Julián Andrés Rojas. He got his MSc on Telematics Engineering from University of Cauca, Colombia in 2014. He started his PhD at Ghent University – imec in Pieter Colpaert’s team in 2017 on Linked Data publishing and querying on the Web. As part of his research, he has investigated the design and performance of Web interfaces for cost-efficient publishing and querying of Linked Open Data. Julián has applied his research and participated on projects about decentralized data sharing ecosystems in different domains such as public transit route planning, bicycle infrastructure, railway infrastructure and scientific research. Julián is author of several peer-reviewed publications presented in recognized venues such as ISWC, ESWC, TheWebConference and ICWE.
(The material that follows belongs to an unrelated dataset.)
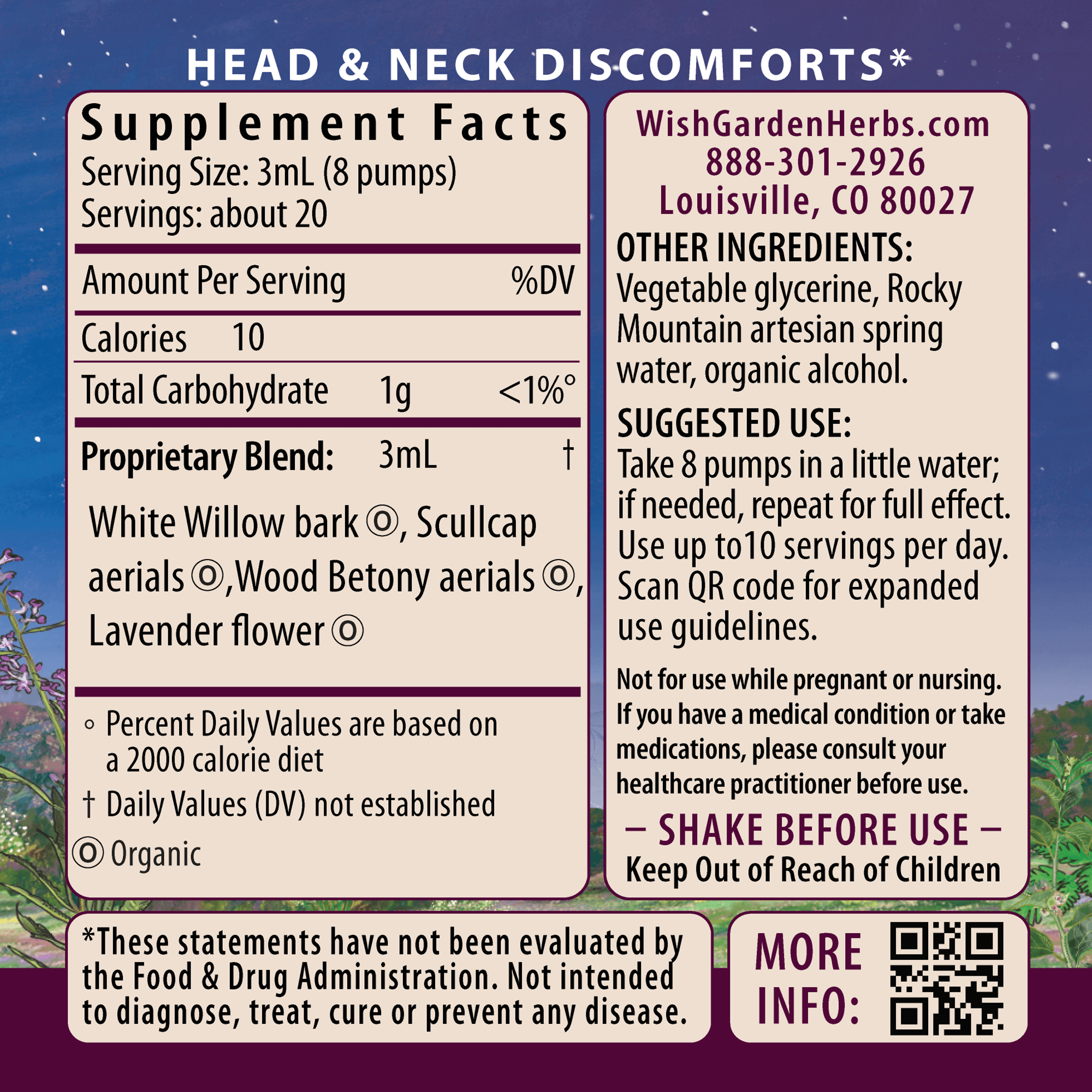 Organic White Willow bark (Salix alba), organic Scullcap aerials (Scutellaria lateriflora), organic Wood Betony (European) aerials (Stachys officinalis), organic Lavender flower (Lavandula officinalis, L. intermedia, L. angustifolia), Rocky Mountain artesian spring water, vegetable glycerine & organic gluten-free alcohol.

Pieter Colpaert. He is a post-doctoral researcher at IDLab – Ghent University – imec working on cost-efficient and maintable Linked Data Web APIs. Together with his team he applies this to different domains such as transport and mobility, cultural heritage, base registries, governmental data, environmental sensor data, or scholarly communication. He co-founded Open Knowledge Belgium, and is still a voluntary board member there, to fight for a world where knowledge creates power for the many, and not the few.

Ruben Verborgh. He is a professor of Decentralized Web technology at IDLab, Ghent University – imec, and a research affiliate at the Decentralized Information Group of CSAIL at MIT. He is also a technology advocate for Inrupt, supporting the Solid ecosystem that gives you back control and choice-online and offline. He loves discussing about the Web, Linked Data, decentralization, Web APIs, hypermedia clients, and much more.